_Problem statement:_ Set the images aside and retype the whole listing exactly.

_Available data:_
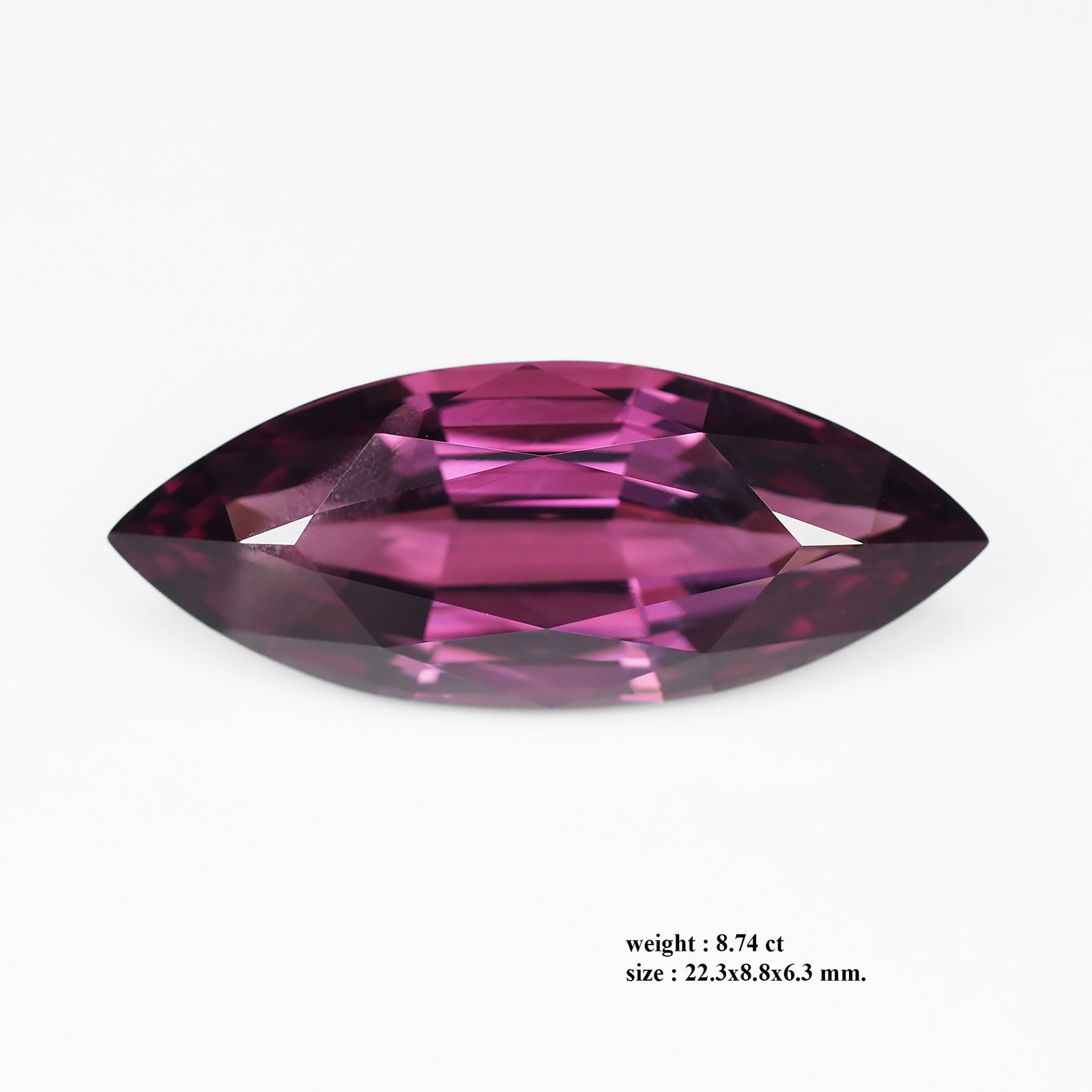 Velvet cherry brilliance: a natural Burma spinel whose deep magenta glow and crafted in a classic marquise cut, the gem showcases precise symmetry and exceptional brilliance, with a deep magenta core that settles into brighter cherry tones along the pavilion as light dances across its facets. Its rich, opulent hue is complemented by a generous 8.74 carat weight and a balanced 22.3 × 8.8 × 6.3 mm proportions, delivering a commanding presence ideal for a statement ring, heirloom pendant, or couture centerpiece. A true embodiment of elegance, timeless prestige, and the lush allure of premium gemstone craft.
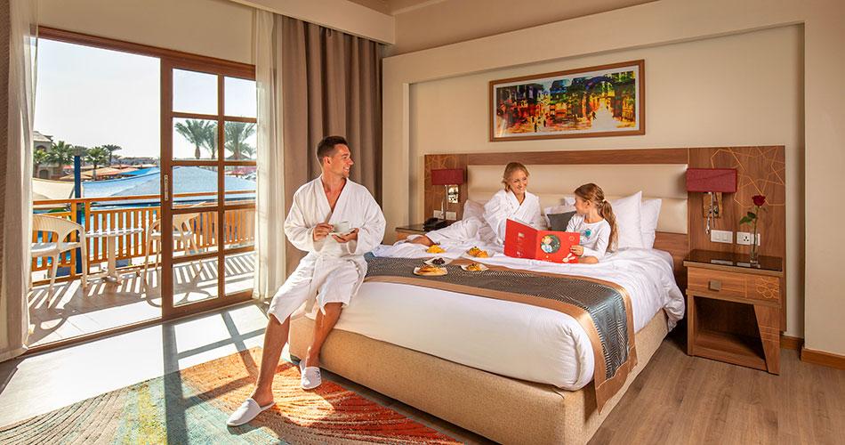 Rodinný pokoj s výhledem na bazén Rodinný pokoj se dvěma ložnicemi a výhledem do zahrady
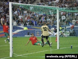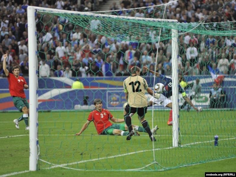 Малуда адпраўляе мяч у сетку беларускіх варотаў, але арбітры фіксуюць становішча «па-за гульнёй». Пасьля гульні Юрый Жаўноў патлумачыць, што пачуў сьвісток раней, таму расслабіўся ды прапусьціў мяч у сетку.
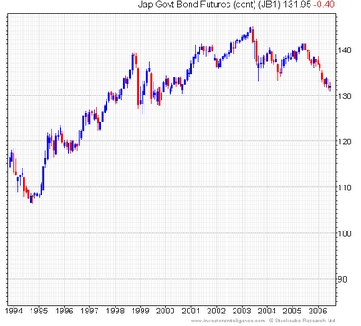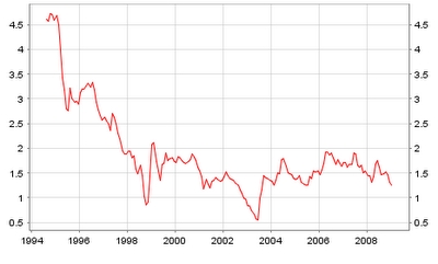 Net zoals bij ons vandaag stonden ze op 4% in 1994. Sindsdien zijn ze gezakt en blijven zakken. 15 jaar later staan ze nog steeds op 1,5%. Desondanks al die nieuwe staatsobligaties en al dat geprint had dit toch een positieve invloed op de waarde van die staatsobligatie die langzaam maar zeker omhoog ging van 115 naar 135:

_Task output:_
 Velvet cherry brilliance: a natural Burma spinel whose deep magenta glow and crafted in a classic marquise cut, the gem showcases precise symmetry and exceptional brilliance, with a deep magenta core that settles into brighter cherry tones along the pavilion as light dances across its facets. Its rich, opulent hue is complemented by a generous 8.74 carat weight and a balanced 22.3 × 8.8 × 6.3 mm proportions, delivering a commanding presence ideal for a statement ring, heirloom pendant, or couture centerpiece. A true embodiment of elegance, timeless prestige, and the lush allure of premium gemstone craft.
 Rodinný pokoj s výhledem na bazén Rodinný pokoj se dvěma ložnicemi a výhledem do zahrady
 Малуда адпраўляе мяч у сетку беларускіх варотаў, але арбітры фіксуюць становішча «па-за гульнёй». Пасьля гульні Юрый Жаўноў патлумачыць, што пачуў сьвісток раней, таму расслабіўся ды прапусьціў мяч у сетку.
 Net zoals bij ons vandaag stonden ze op 4% in 1994. Sindsdien zijn ze gezakt en blijven zakken. 15 jaar later staan ze nog steeds op 1,5%. Desondanks al die nieuwe staatsobligaties en al dat geprint had dit toch een positieve invloed op de waarde van die staatsobligatie die langzaam maar zeker omhoog ging van 115 naar 135:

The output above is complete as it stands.